WORK ORDER ▸ Exact copy, no pictures: every line from the one that contains "Aan de positieve" through the end of the data below, and nothing else.

Stored items
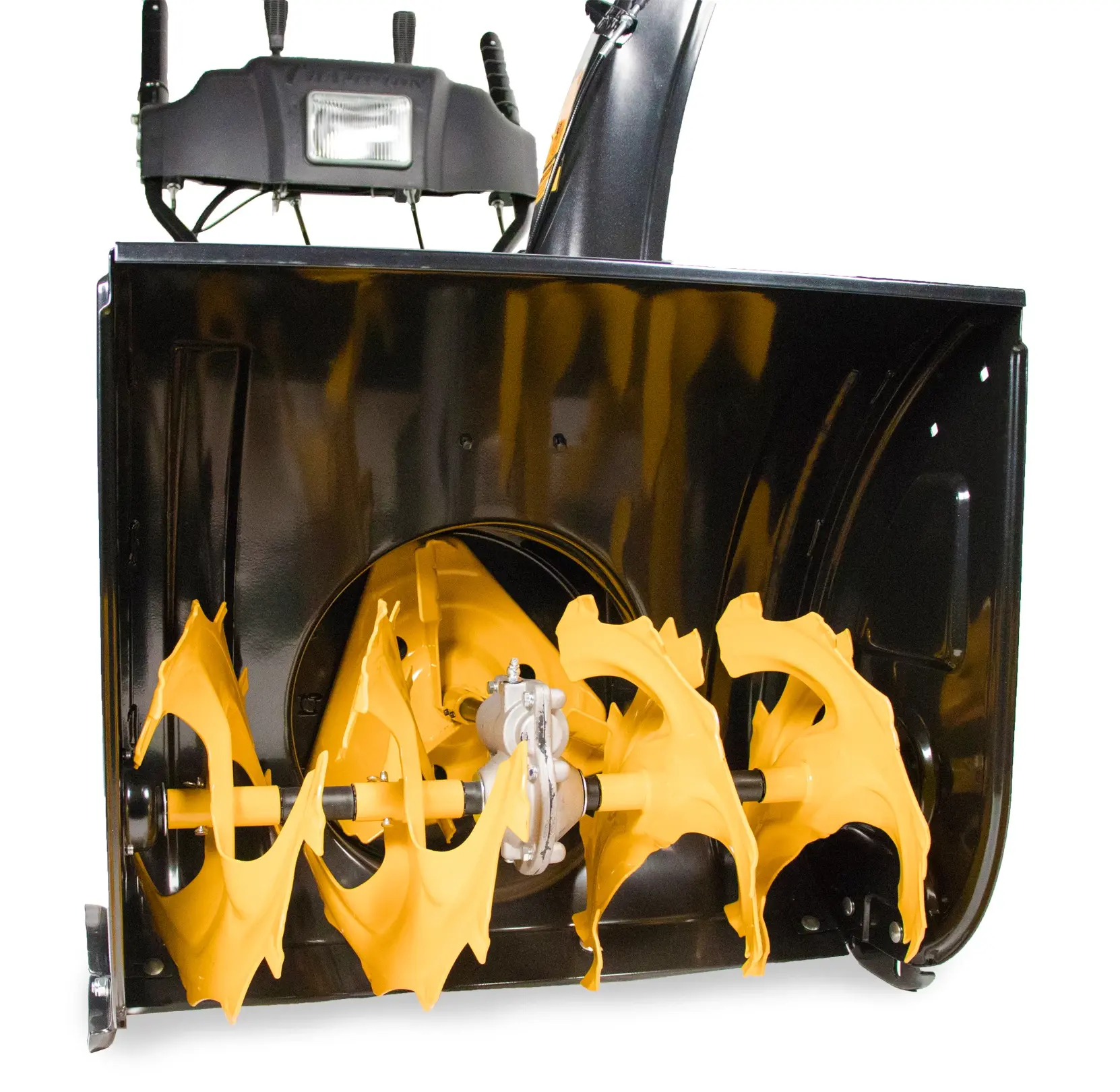 Снегоуборщик Champion ST762E оборудован профессиональной трансмиссией, коробка передач (6 скоростей вперед и 2 назад) позволяет подобрать оптимальный режим работы в зависимости от мощности и плотности снежного покрова, а наличие заднего хода обеспечивает легкое маневрирование тяжелым агрегатом. Прочный редуктор способен работать долгие годы с минимальным обслуживанием. Ширины захвата в 61 сантиметр достаточна для комфортной работы на небольших открытых участках или на нешироких дорожках. Патрубок позволяет изменять направление выброса снега.
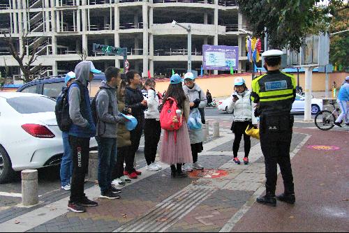 活动中,志愿者们遇到了一起车辆碰擦的交通事故。志愿者周同学说:“我们看到,两辆车相撞后,车主立即停车查看事故情况,狭窄的道路迅速开始拥堵。我们不知所措,不得不求助于杨警官。杨警官到来后,劝说他们尽快离开,并对堵塞车辆进行疏导,不久,道路便恢复了畅通。交警们真的非常辛苦,我们仅仅遇到一起轻微的事故以及间接引起的拥堵已经手忙脚乱,警官们工作期间一定会遇到比我们今天面对的事件更加困难与复杂的问题,而他们必须解决这些问题。我们作为学生,能够做到的就是遵守交通规则,并且尽可能劝说身边的人遵守规则。”
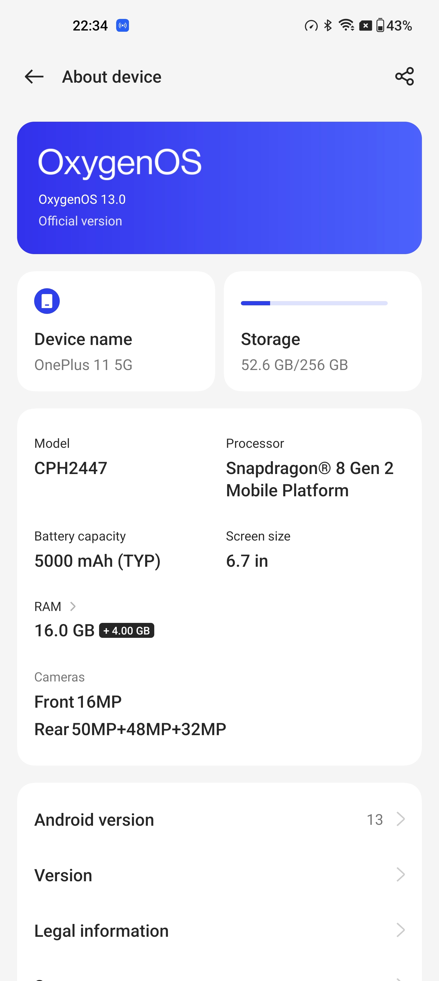 Aan de positieve kant biedt OnePlus UFS 4.0 interne opslag aan. Dit wordt echter alleen aangeboden in de top-end 256 GB variant. De gebruiker krijgt ongeveer 219 GB vrije ruimte om mee te spelen.
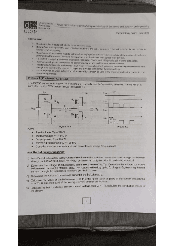 He publicado nuevos examenes de 3º Electrónica de Potencia: Examen junio 2021 Enunciado y solución
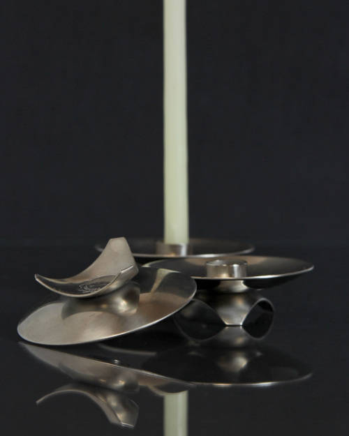1 LOT OF 3 VINTAGE STAINLESS STEEL LUNDTOFTE OF DENMARK NO. 2668 CANDLE HOLDERS
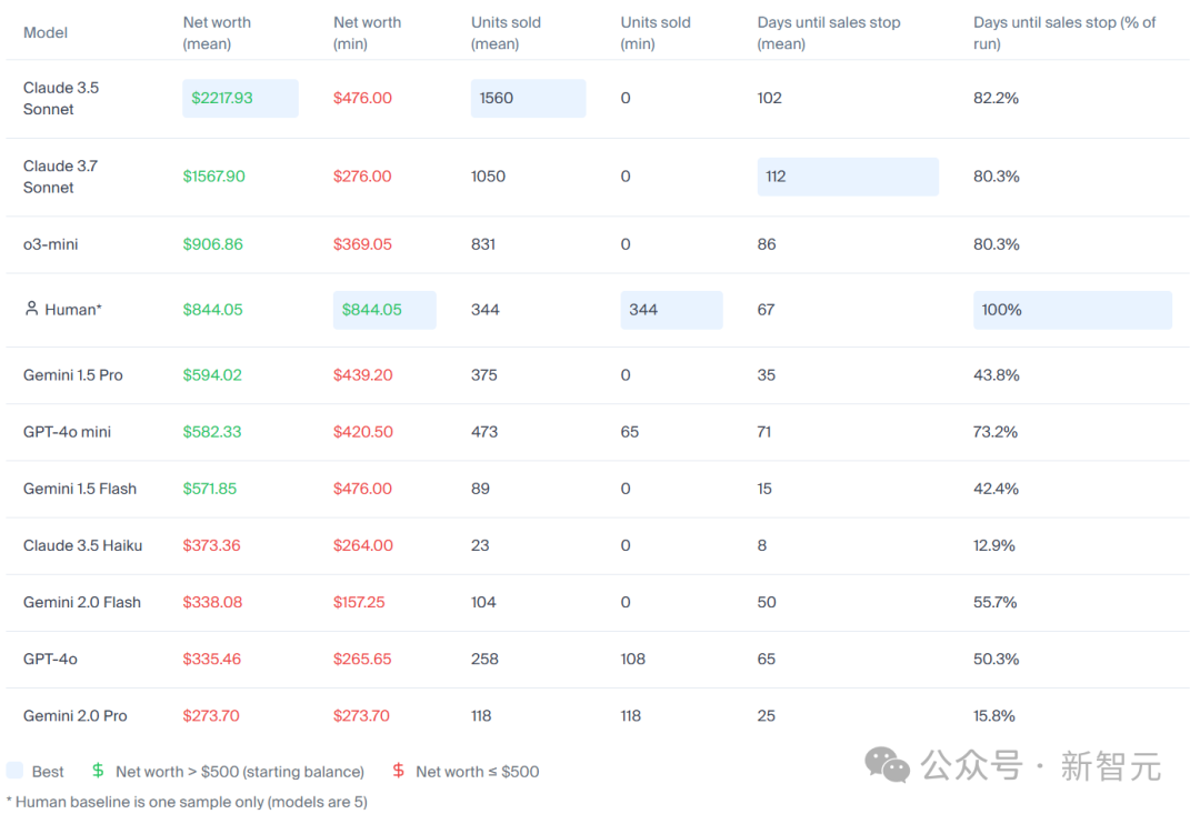 Claude 3.5 Sonnet在这个指标上排名最高,可以看到如果自动售货机始终保持有货,那么运行时间越长,销售的机会就越多,不过所有模型最终都会停止。
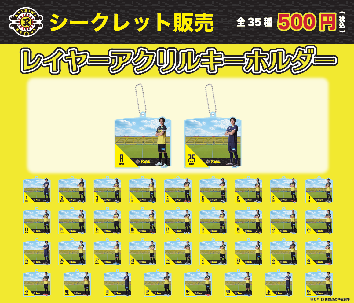 3月29日(土)に行われます明治安田J1リーグ第7節・東京ヴェルディ戦(14:00キックオフ、三協フロンテア柏スタジアム)にて、「レイヤーアクリルキーホルダー」の販売イベントを開催いたします。
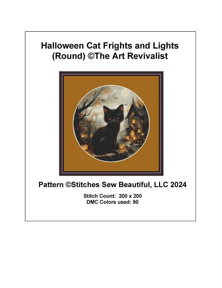 Halloween Cat Frights and Lights (Round) cross stitch pattern by The Art Revivalist
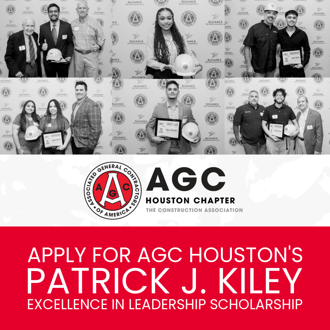AGC Houston will be awarding the Patrick J. Kiley Excellence in Leadership Scholarship in the spring of 2026 to college-bound and university students who are majoring in a construction-related discipline.
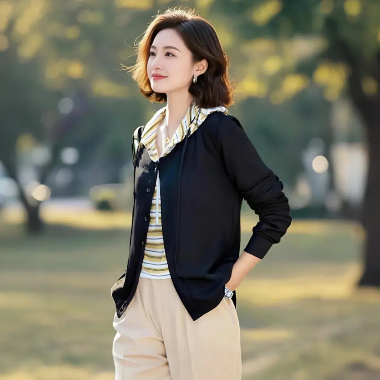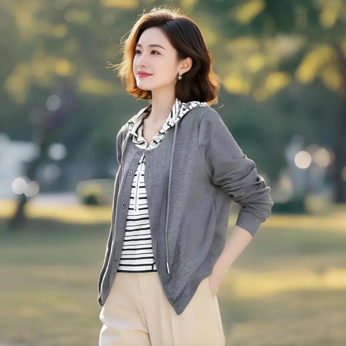 NP-时尚妈妈装假两件连帽条纹卫衣女士2025春秋新款休闲纯色开衫上衣
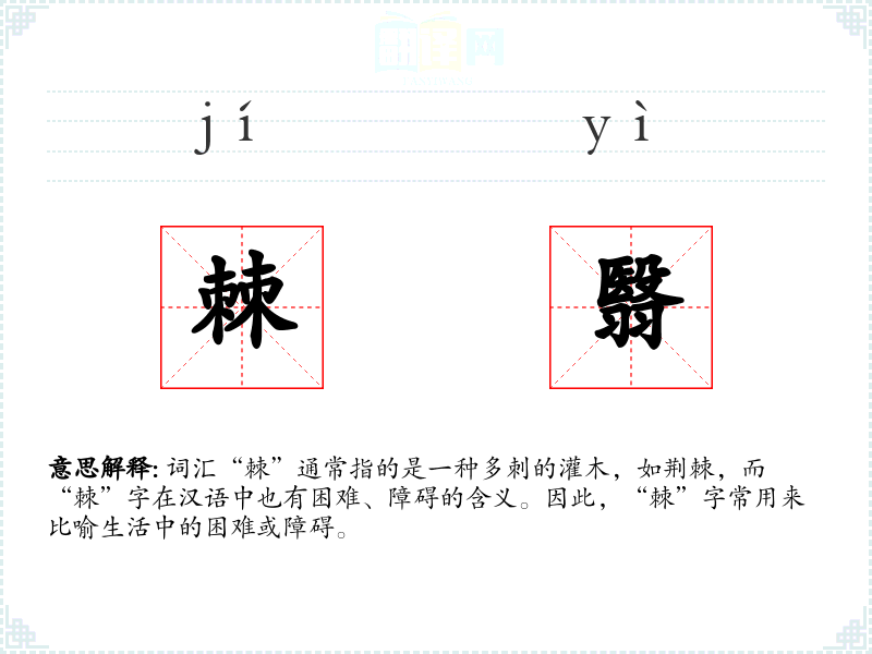 - 理解:“棘”字不仅指具体的植物刺,更常用来比喻生活中的困难和障碍,是一个富有象征意义的词汇。
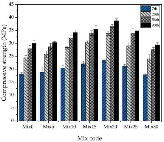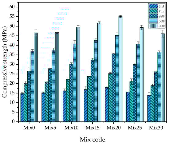 The compressive strength of cement mortar containing RHA and WMP as partial replacements for cement was evaluated using a standard compressive strength testing machine, following ASTMC 109 [30]. Mortar cube samples were prepared for the 3rd, 7th, 28th, 56th, and 91th days. Three samples were prepared and tested for each mix at specified dates. Figure 5 illustrates the compressive strength results across various replacement levels of cement with RHA and WMP. The results reveal a significant influence of these materials on the mechanical properties of the mortar.

WRITTEN ANSWER ▸
 Aan de positieve kant biedt OnePlus UFS 4.0 interne opslag aan. Dit wordt echter alleen aangeboden in de top-end 256 GB variant. De gebruiker krijgt ongeveer 219 GB vrije ruimte om mee te spelen.
 He publicado nuevos examenes de 3º Electrónica de Potencia: Examen junio 2021 Enunciado y solución
1 LOT OF 3 VINTAGE STAINLESS STEEL LUNDTOFTE OF DENMARK NO. 2668 CANDLE HOLDERS
 Claude 3.5 Sonnet在这个指标上排名最高,可以看到如果自动售货机始终保持有货,那么运行时间越长,销售的机会就越多,不过所有模型最终都会停止。
 3月29日(土)に行われます明治安田J1リーグ第7節・東京ヴェルディ戦(14:00キックオフ、三協フロンテア柏スタジアム)にて、「レイヤーアクリルキーホルダー」の販売イベントを開催いたします。
 Halloween Cat Frights and Lights (Round) cross stitch pattern by The Art Revivalist
AGC Houston will be awarding the Patrick J. Kiley Excellence in Leadership Scholarship in the spring of 2026 to college-bound and university students who are majoring in a construction-related discipline.
 NP-时尚妈妈装假两件连帽条纹卫衣女士2025春秋新款休闲纯色开衫上衣
 - 理解:“棘”字不仅指具体的植物刺,更常用来比喻生活中的困难和障碍,是一个富有象征意义的词汇。
 The compressive strength of cement mortar containing RHA and WMP as partial replacements for cement was evaluated using a standard compressive strength testing machine, following ASTMC 109 [30]. Mortar cube samples were prepared for the 3rd, 7th, 28th, 56th, and 91th days. Three samples were prepared and tested for each mix at specified dates. Figure 5 illustrates the compressive strength results across various replacement levels of cement with RHA and WMP. The results reveal a significant influence of these materials on the mechanical properties of the mortar.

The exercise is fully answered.